Consistent with these findings, Gremel and Costa (2013) have recently shown that neural activity in both DMS and DLS carry signals related to both goal-directed behavior and habitual action. However, they found that modulation of firing in DMS and DLS was more prominent when behaviors were goal-directed and stimulus driven, respectively. They were able to demonstrate this in their task (unlike ours) because it allowed for a clean dissociation between goal- and stimulus-driven behavior by training animals on either a random ratio or random- interval schedule of reinforcement, respectively. Reinforcer devaluation confirmed that behaviors under these schedules were indeed goal- and habit-driven (Gremel and Costa, 2013). Consistent with previous work, lesions to DMS hindered goal-directed decisions promoting habitual behavior during performance of their task, whereas lesions to DLS hindered habitual responding, forcing animals to be goal-driven. In both cases, animals could still perform the task, but were using different functional mechanisms to control behavior. These results suggest that neural correlates that control goal-directed and habitual actions are processed in parallel, and that these regions are modulated differently depending on the mechanism that is ultimately controlling behavior.

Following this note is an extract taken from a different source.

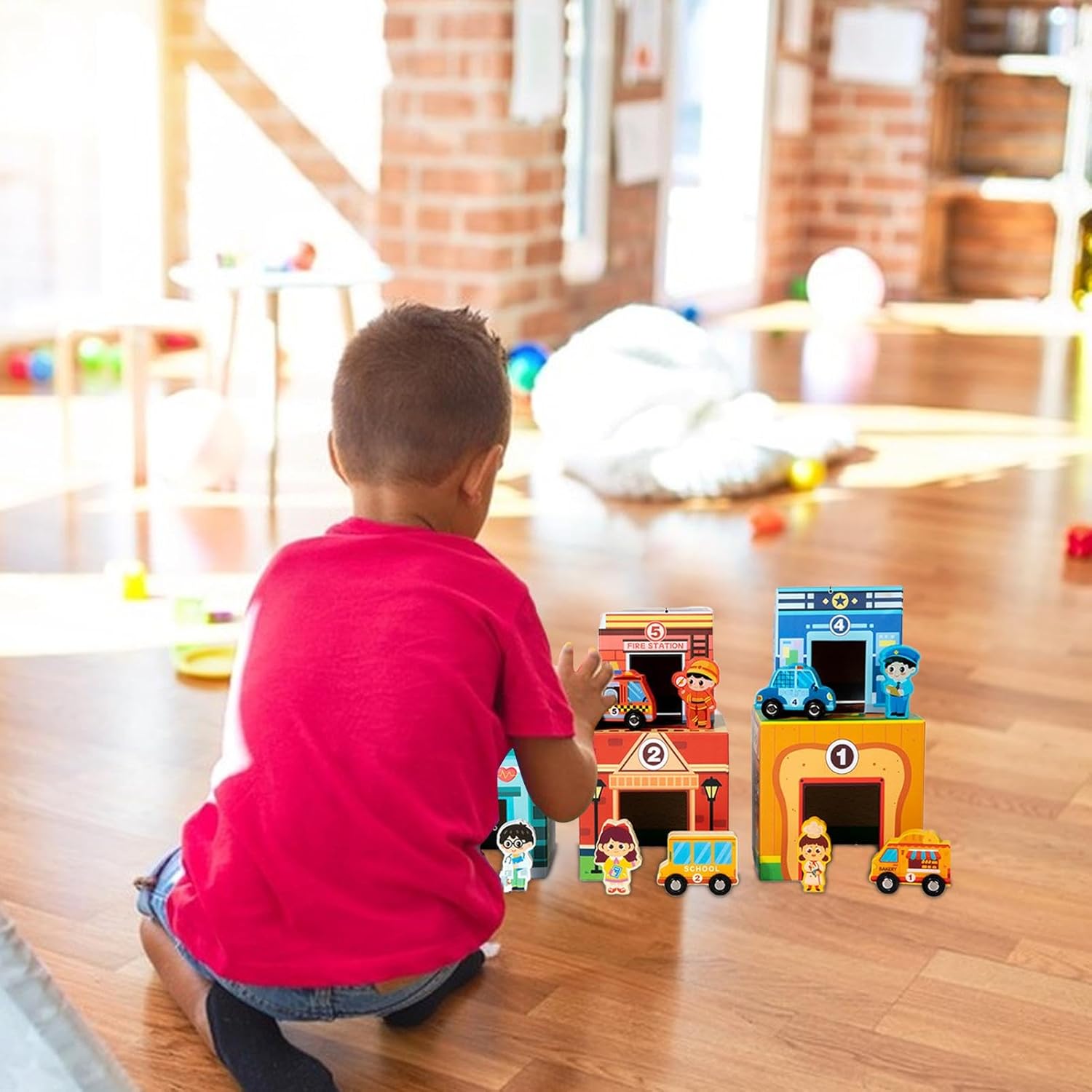 Educational Community Helpers Toy: This wooden stacking blocks car garage toy introduces kids to community helpers, such as firefighters, officers, and construction workers, promoting learning through play and fostering an early interest in these important roles Promotes Cognitive Development: Perfect for and young children, this car garage block set enhances problem-solving skills, hand-eye coordination, and spatial awareness while encouraging creativity as children design their own block city Durable Wooden Construction: Made from high-quality, wood, this educational city toy is built to last. It’s sturdy, safe for kids, and features smooth edges for hours of fun and imaginative play Perfect for Special Occasions: Whether it’s for New Year, Valentine’s Day, or Thanksgiving, this community helpers toy makes a thoughtful gift that encourages learning through play. It’s an for birthdays, holidays, or any occasion Interactive and Engaging: The wooden city playset endless opportunities for children to explore and interact with, whether they’re stacking the blocks, building structures, or organizing their own little city. It’s a great toy for group play and parent-child interaction

Other studies also report no large-scale differences between encoding in DLS and DMS, but do show a striking dissociation between areas during different task events and stages of training (Yin et al., 2009; Thorn et al., 2010). It has been shown that DLS neurons exhibit heightened selectivity during action portions of various tasks, which emerge steadily during task acquisition. In contrast, neural activity in DMS was selective early in acquisition when animals were making cue-based decisions. Excitotoxic lesions targeting DMS and DLS confirmed the importance of these signals during learning. DMS lesions impaired rat performance during early phases of training, but had no effect on performance after extended training. Lesions to DLS affected skill learning during the early phases of training and throughout the rest of training as well.

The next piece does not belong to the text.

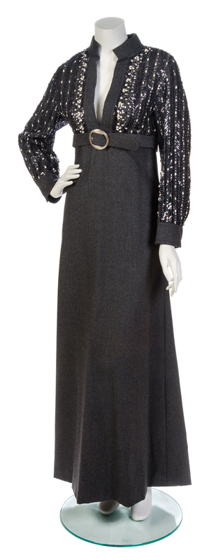 A Galanos Grey Wool Rhinestone Embroidered Gown,

All of these studies provide clear evidence that there are parallel and differential firing patterns in DMS and DLS. Activity of neurons in both DMS and DLS reflect the full spectrum of task correlates during performance of our odor-guided reward task. Encoding of a number of parameters including response direction (left versus right), external stimuli (free-choice, forced-left, and forced-right), and expected outcome (delay: short versus long; size: large versus small) were observed in both areas. Other studies have reported clear distinctions between DMS and DLS in simpler tasks that have examined activity across learning as animals transition from goal-directed to habitual performance. These studies demonstrate that both DMS and DLS carry signals related to goal-directed and habitual responding, but the modulation strength of these task correlates depends on the mechanism currently governing behavior (goal or habit).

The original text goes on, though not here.